An anti-cybercrime operation led by Interpol has revealed nearly 9,000 malware-infected servers and hundreds of compromised websites in Southeast Asia, the body revealed on April 24. The operation offers yet more evidence of the scale of the cyber challenge faced by Southeast Asian states and the urgent need of countermeasures to tackle it.
As I have written before, Southeast Asian states as well as ASEAN as a grouping have been grappling with a growing cyber threat. Indeed, even Singapore, which had already been devoting significant attention and resources to addressing the problem, saw the first-ever publicly disclosed hacking of its defense ministry’s Internet-connected system in February which led to the theft of personal data of hundreds of employees.

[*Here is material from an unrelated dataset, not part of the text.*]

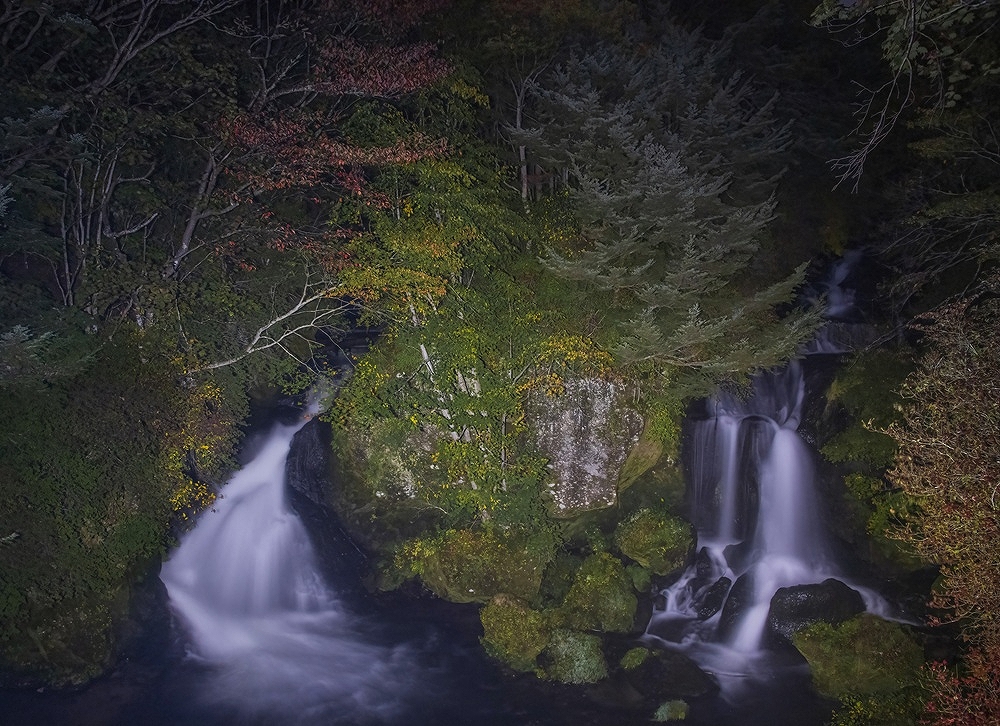 奥日光の温泉に宿泊した時、竜頭の滝が近くにあることを思い出して深夜LEDライトのセルフライティングで撮影してみました。
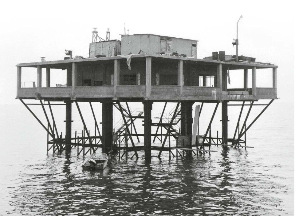 “Should our ocean liner have found itself in the northern Adriatic in early 1968, approximately six nautical miles off Rimini, its passengers would have spotted a very singular work of architecture: a small platform, square in plan, immobile in the middle of the sea. They would have noted how it is almost identical in size to the Villa Savoye, and might have observed how the deck was suspended above the Mediterranean by slender pilotis, between which boats could dock and unload passengers in much the same way in which automobiles offloaded their passengers directly into Le Corbusier’s iconic house via its underbelly.”

In response, countries have been stepping up efforts to deal with the challenge over the past few years through various means, including boosting their capabilities and working more with each other and extraregional partners. Examples abound, whether it is Indonesia’s effort to create a new cyber agency, Singapore’s new ASEAN Cyber Capacity Program (ACCP) announced at the inaugural ASEAN Ministerial Conference on Cybersecurity last October, or the Philippines’ proposal to establish a cyber security working group within the ASEAN Defense Ministers Meeting Plus (ADMM-Plus) that was accepted recently (See: “Singapore Unveils New ASEAN Cyber Initiative”).

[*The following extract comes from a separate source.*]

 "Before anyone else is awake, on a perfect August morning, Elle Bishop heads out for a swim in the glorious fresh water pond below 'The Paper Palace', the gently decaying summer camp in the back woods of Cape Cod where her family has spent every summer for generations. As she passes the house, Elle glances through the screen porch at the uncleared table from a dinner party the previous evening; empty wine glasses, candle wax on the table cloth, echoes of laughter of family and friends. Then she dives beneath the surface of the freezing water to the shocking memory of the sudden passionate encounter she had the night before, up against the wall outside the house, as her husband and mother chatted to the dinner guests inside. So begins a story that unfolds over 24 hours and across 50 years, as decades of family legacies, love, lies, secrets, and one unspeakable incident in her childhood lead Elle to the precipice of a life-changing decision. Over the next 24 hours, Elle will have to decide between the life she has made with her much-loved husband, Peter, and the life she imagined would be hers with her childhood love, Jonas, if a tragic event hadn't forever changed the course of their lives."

The operation by the Interpol Global Complex for Innovation, a cutting-edge research and development facility that opened in Singapore in 2014, provides additional evidence regarding how pervasive cybercrimes are in the region as well as the threats they pose. According to a statement released by Interpol on Monday, it highlighted threats posed by 8,800 active command and control (C2) servers in eight ASEAN countries, which include various malware families including those targeting financial institutions, spreading ransomware, and launching Distributed Denial of Service (DDoS) attacks and distributing spam. It also showed that nearly 270 websites were infected with a malware code, including several government websites that may have contained citizen’s personal data.
The Interpol-led operation brought together investigators from seven ASEAN countries – Indonesia, Malaysia, Myanmar, Philippines, Singapore, Thailand, and Vietnam – to share information on specific cybercrimes in each country, with cyber intelligence also provided by China. And in a demonstration of the importance of public-private sector cooperation in the cyber realm, the operation had inputs from seven private sector companies – Trend Micro, Kaspersky Lab, Cyber Defense Institute, Booz Allen Hamilton, British Telecom, Fortinet and Palo Alto Networks – which took part in pre-operational meetings to help develop actionable information packages.
According to Interpol, the information provided by the private sector and cyber issues highlighted by participating countries enabled specialists from Interpol’s Cyber Fusion Center to product 23 “Cyber Activity Reports” which highlight various threats and types of criminal activity identified as well as recommended actions to be taken by the relevant national authorities.